Can anyone please tell me what injections i need for Australia ,,, and maybe a link to site to make me aware of various spiders/snakes to watch out for .

Also , maybe on surf safety and awarness of rips etc, dont have alot of dangerous beachs at home , dont want to get killed by a spider or drown because im fresh off the plane and just another cluless tourist.


----------



## Wanderer (Jun 16, 2007)

Injections will not help against spiders or snakes and it's only the human flesh eating variety that you want to watch out for that can be quite crafty about it.
Have a good look at those around you and see if any people have nibble marks around their necks, kind of like love bites and there's some thought that if one bitten who has survived bites another they will pass on a survival gene, so maybe offer your neck for a nibble!
Other than that, do not put your hands in dark places, all those rave dancers with hands in the air not being stupid! and at night pull your pockets out so a creepy one will not sliver in to surprise you in the morning.
The extra careful might even put all their clothes in a sealable container.

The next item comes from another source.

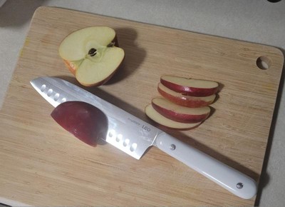 [This review was collected as part of a promotion.] This knife is very good for everyday use. It has a cute white handle that not only is stylish but it is also easy to clean and easy to hold. The way is designed ensures a comfortable grip so I can cut fast without worrying about the knife sliding from my hand. It is lightweight and I have to admit that I have put it in the dishwasher with no issue. The price point is reasonable so I would consider this knife a safe pick.
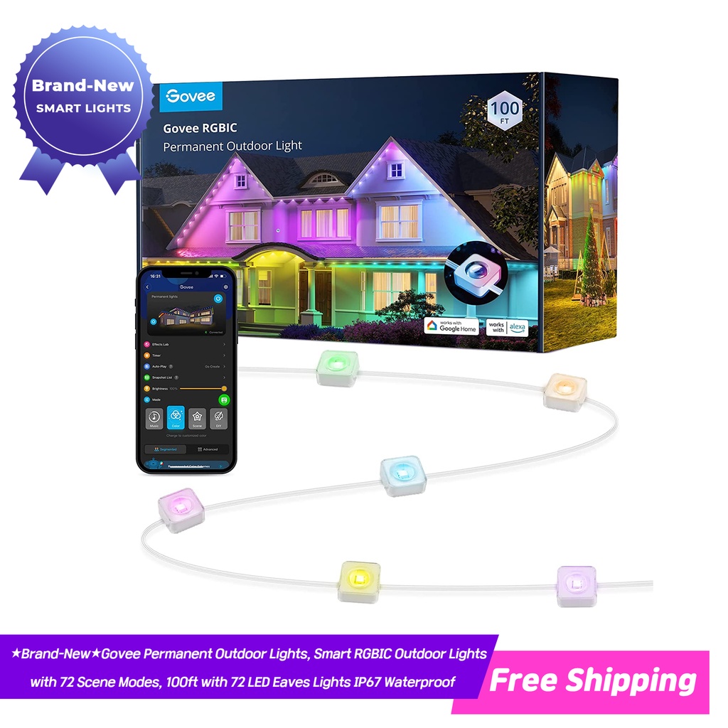 Govee Permanent Outdoor Lights, Smart RGBIC Outdoor Lights with 72

A normal snake you'll probably not see too much off for they are a bit shied off from thinking every human is into snake oil selling and fed up with being expected to give up the good oil.
If you're keen on a girl, a good first question can be " have you been spraying for snakes and spiders at your place? "

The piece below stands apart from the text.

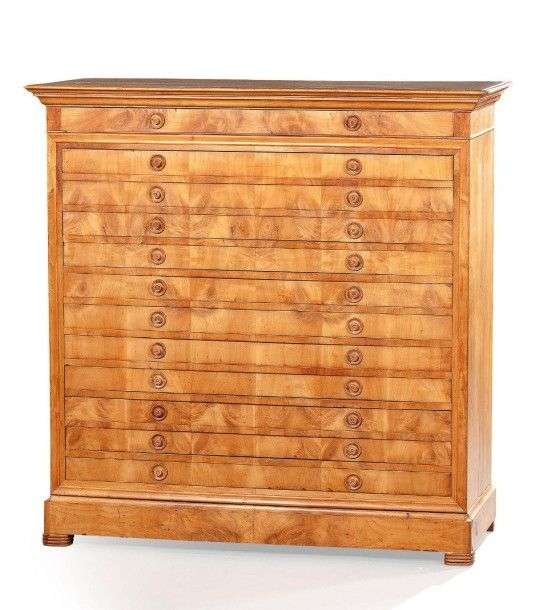 Curieux chiffonnier marqueté en bois fruitier mouluré| de forme rectangulaire, il ouvre par treize tiroirs avec traverses| montants, base et plateau moulurés| pieds quadrangulaires en motifs empilés. Première moitié du XIXème siècle (piqûres et fentes). H: 135,5 - L: 135 - P: 49,5 cm.

*With the surf, there're some definite Do's*
. Do look for red/yellow flags which signify a patrolled beach or beach closed.
. If no flags be extra wary and look for someone who may be a local to ask about conditions.
. Do be extra wary of longer open exposed beaches with surf for they can be more prone to rips and gutters than a beach sheltered by a headland
. *If caught in a rip and in water over your head, Do let yourself flow with it rather than expend a lot of energy fighting against it*
Many swimmers may drown because panic can set in when caught in a rip and they'll swim like mad against it and use so much energy they might both keep themselves in the rip and finally have little energy to remain afloat.

If you stand at a beach and study the waves a bit, you'll notice a slightly different alternating pattern of the water where waves do not form as well where the water flows out as in the rip and you may notice surfers taking advantage of that for if they jump in there, they'll get carried out with the rip and then look to position themselves for getting a wave in.
So the same theory applies for a swimmer caught in the rip - let yourself flow out and you'll find that the water current a hundred metres or so from the shoreline will diminish and so then you may be able to swim sideways to where you can get a wave back in or at a patrolled beach, surf lifesavers may have noticed what has happened and they use inflatable craft at most beaches these days to rescue people, so if you get into safer water just float with hands raised up - *a distress signal *

That is the theory and some beaches can have wilder conditions than others and where there is a rip and position wise there is constant variance, there can still be rough turbulent water and so staying afloat will even sap energy.
It is those type of conditions that can also cause what are termed gutters to form and where water being forced in moves sideways to a rip, it can quickly form a channel of deeper water because of sand shifting and so same deal applies - *flow with it rather than struggle against it for nature always wins* unless a rescue intervenes.

So some *Do Nots*
. Do Not swim until you familiarise yourself with the water currents
. Do Not underestimate the power of rough surf and energy you will need to use.
*Never Never Never*
. Swim outside patrolled areas if there are patrols
. Swim after drinking too much and if it seems like a brilliant idea to go for a swim, you have probably had too much.
. Swim at night


----------